KOMPAS.com - Media sosial dihebohkan dengan foto-foto seorang perempuan ditutup dengan kain hingga menutupi seluruh permukaan tubuhnya oleh suaminya.
Unggahan tersebut dibuat pada November 2020 silam di Facebook dan baru-baru ini menyebar di media sosial lain.
Seperti yang diunggah akun Instagram @smart.gram.
Dalam unggahan, terdapat foto yang memperlihatkan tubuh perempuan dalam kondisi terbalut berbagai kain berwarna putih hingga ungu.
Perempuan tersebut tertutup kain, mengenakan kerudung panjang, setelan blazer dan rok ala pekerja kantoran.
Pengunggah asli foto mengaku sebagai suami dari perempuan tersebut. Menurut dia, tidak ada yang dirugikan, karena yang bersangkutan adalah istrinya.
Unggahan itu pun mengundang reaksi beragam dari warganet. Sebagian berkomentar hal itu sebagai fetish, tetapi fetish yang aneh.
Sementara itu, foto asli yang diunggah oleh penggungah di Facebook telah dihapus seluruhnya.
Lantas, bagaimana penjelasan ahli mengenai fenomena tersebut?
Baca juga: Mengenal Apa Itu Fetish dan Bagaimana Bisa Muncul?
Parafilia
Menanggapi hal itu, psikolog sekaligus seksolog Dr. Baby Jim Aditya M.Psi., menyebut hal tersebut merupakan bentuk gangguan parafilia.

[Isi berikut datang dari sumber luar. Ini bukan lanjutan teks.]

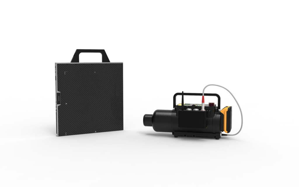 Zestaw systemu XIRÓS obejmujący emiter promieniowania rentgenowskiego, matrycę i terminal kontrolny / Zdjęcie: Logos Imaging

Parafilia adalah ketertarikan seksualitas seseorang pada obyek-obyek yang bukan merupakan obyek seksual.
"Itu kan gangguan parafilia, tertarik pada obyek-obyek yang bukan objek seksual, tetapi tertarik pada benda-benda non-seksual," kata Baby saat dihubungi Kompas.com, Rabu (16/6/2021).
Parafilia atau fetish sesungguhnya tidak menjadi masalah selama dilakukan atas persetujuan dua belah pihak dan tidak mengancam keselamatan jiwa pihak-pihak yang menjalaninya.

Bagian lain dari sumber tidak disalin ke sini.